## [ASSIGNED TASK]
Transcribe all the lines below exactly. Omit the pictures.

## [DATASET CONTENT]

########################################

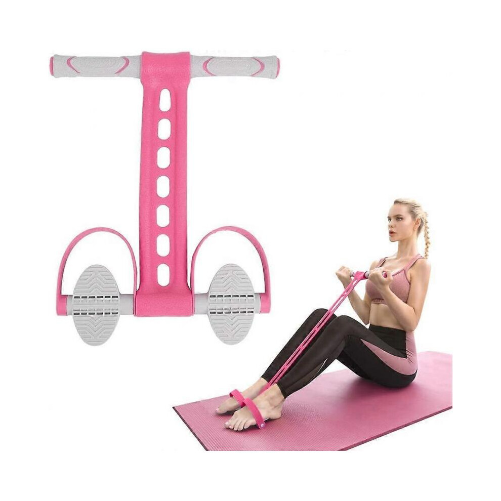 Elastic Sit Up Pull Rope with Foot Pedal - 4 Tubes Pink Pedal Resistance Band - Ideal Fitness Equipment at Home/Gym - Targeting Arms, Legs & Abdomen for Effective Slimming Training
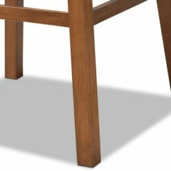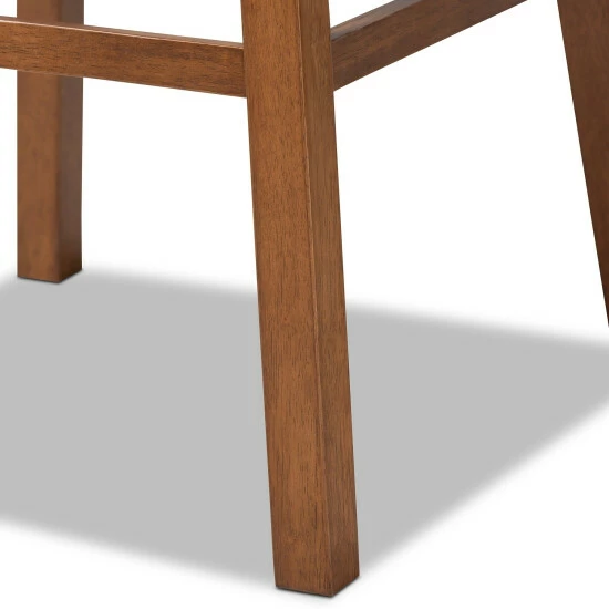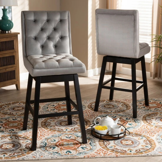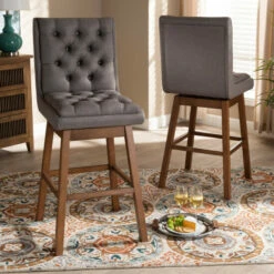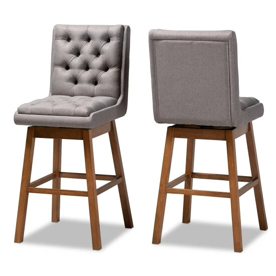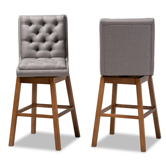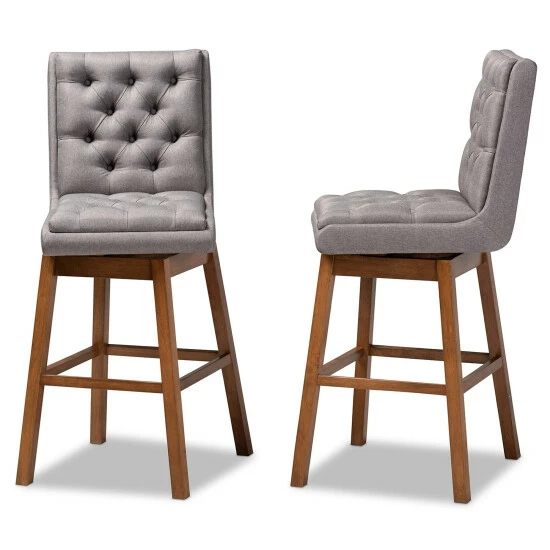 Kick back and relax with the bar stool. The is padded with foam cushions underneath grey polyester fabric and enhanced with elegant button tufting, making this piece a perfect addition to relaxed settings like a home bar or dining room. the stool is supported by an elongated walnut brown finished wood base fitted with foot rests.
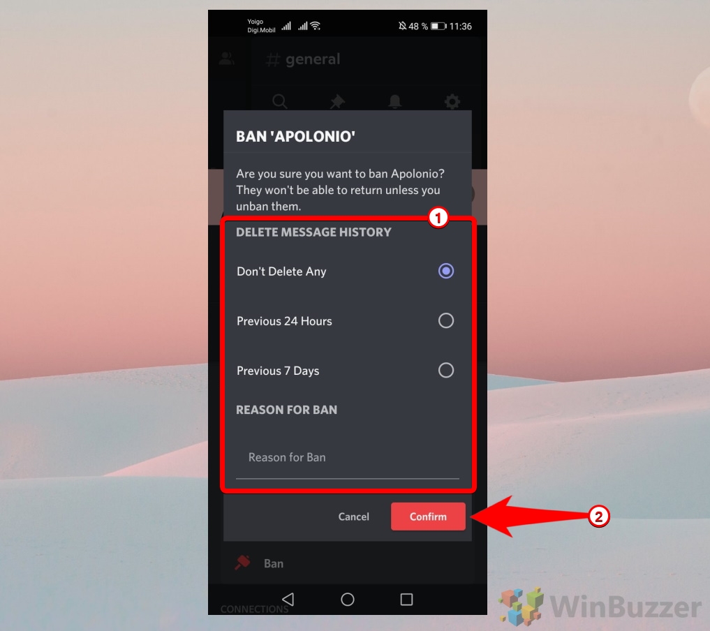 Selecione se deseja excluir o histórico de mensagens deste usuário no servidor do Discord e toque em”Confirmar”

########################################

## [RESPONSE TO THIS EXERCISE]
 Elastic Sit Up Pull Rope with Foot Pedal - 4 Tubes Pink Pedal Resistance Band - Ideal Fitness Equipment at Home/Gym - Targeting Arms, Legs & Abdomen for Effective Slimming Training
 Kick back and relax with the bar stool. The is padded with foam cushions underneath grey polyester fabric and enhanced with elegant button tufting, making this piece a perfect addition to relaxed settings like a home bar or dining room. the stool is supported by an elongated walnut brown finished wood base fitted with foot rests.
 Selecione se deseja excluir o histórico de mensagens deste usuário no servidor do Discord e toque em”Confirmar”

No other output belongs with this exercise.